NG2DsRed mice received daily intraperitoneal (i.p.) injections (from P5-P11 or from P11-P15) of either 1 mg/kg bicuculline (abcam) in sunflower seed oil (Sigma 47123), 100 mg/kg vigabatrin in saline or 50 mg/kg tiagabine in saline (Tocris Biosciences). Control mice were injected with vehicle alone. Injection volume was 10 μl per g body weight, and solutions were warmed to 37 °C. The dose of bicuculline used was roughly half the CD₅₀ reported for P7 rats⁶⁹; two mice exhibited seizures and were excluded from the study.

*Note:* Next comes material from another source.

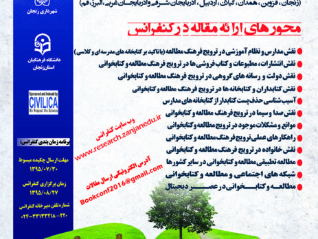 کنفرانس منطقه ای فرهنگ مطالعه و کتابخوانی آسیب شناسی و راهکارها،۲۷ آبان ۱۳۹۵ توسط اداره کل آموزش و پرورش استان زنجان در شهر زنجان برگزار می شود.
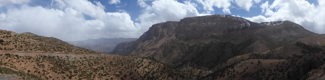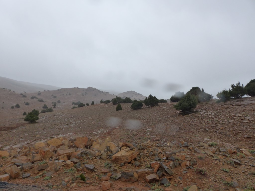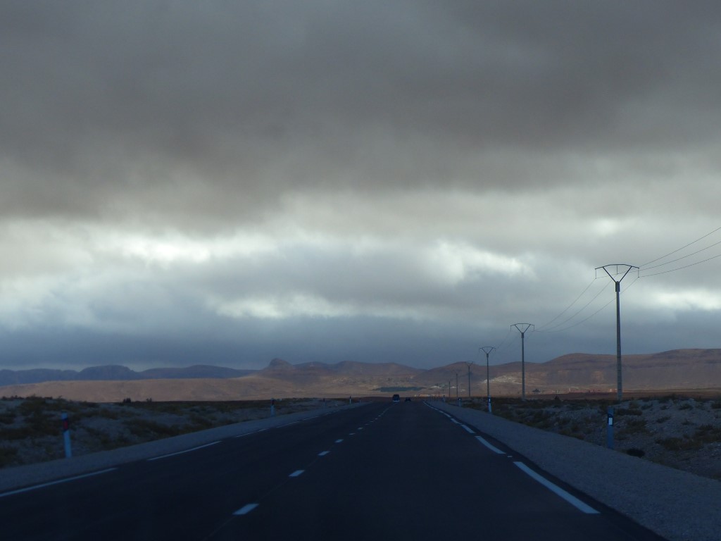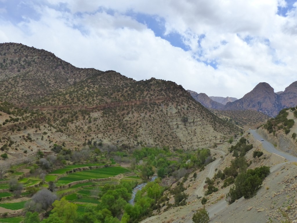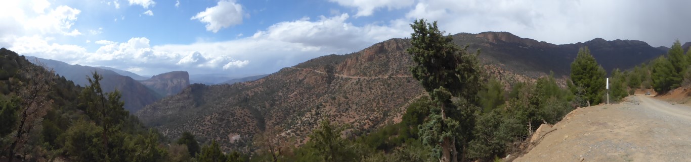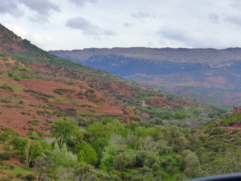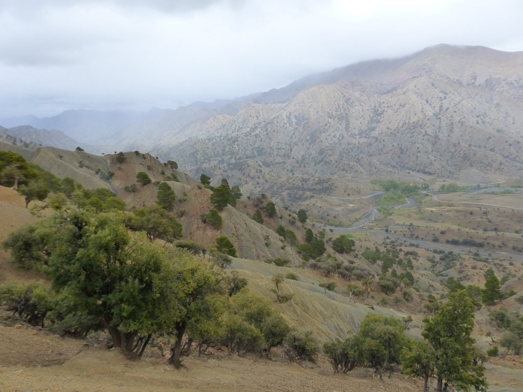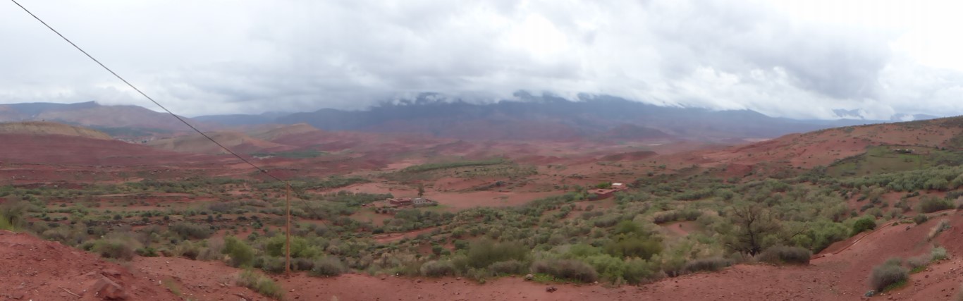 Le temps étant incertain, nous décidons de ne pas prendre une route de montagne jusqu'à 3000m pour atteindre la cascade d'Ouzoud (que nous ne verrons pas du coup). Nous prenons une autre route, plus longue et qui va s'avérée être magnifique (cf photos). Beaucoup de vent, plutôt frais, et un peu de grêle mais finalement un très joli parcours.

Data presentation and statistical analysis

Summary data are presented in the text as mean ± s.e.m. from n cells or animals. Comparisons involving two data sets only were performed using a two-sided Welch two-sample t test that does not assume equal variance (normality was not tested statistically but gauged from Q-Q plots and/or density histograms). For Purkinje cell firing data, where we did not assume a normal distribution (Supplementary Fig. 5), a non-parametric Wilcoxon Mann-Whitney Rank Sum test was used. Analyses involving data from three or more groups were performed using one-way or two-way analysis of variance (Welch heteroscedastic F test) followed by pairwise comparisons using two-sided Welch two-sample t tests (with Holm’s sequential Bonferroni correction for multiple comparisons). For analysis of contingency tables we used Fisher’s exact test. Differences were considered significant at P < 0.05. Statistical tests were performed using Prism version 6 (GraphPad Software, Inc.) or R (version 3.0.2, The R Foundation for Statistical Computing, http://www.r-project.org/) and R Studio (version 0.98.477 RStudio, Inc.). The following packages were used: biocLite⁷⁰, car⁷¹, coin⁷² and phia⁷³. No statistical test was used to predetermine sample sizes; these were based on standards of the field. No randomization was used, except in quantification of purified NG2-cells in culture (StereoInvestigator system). Blinding of investigators was used only in the EM analysis. A supplementary methods checklist is available.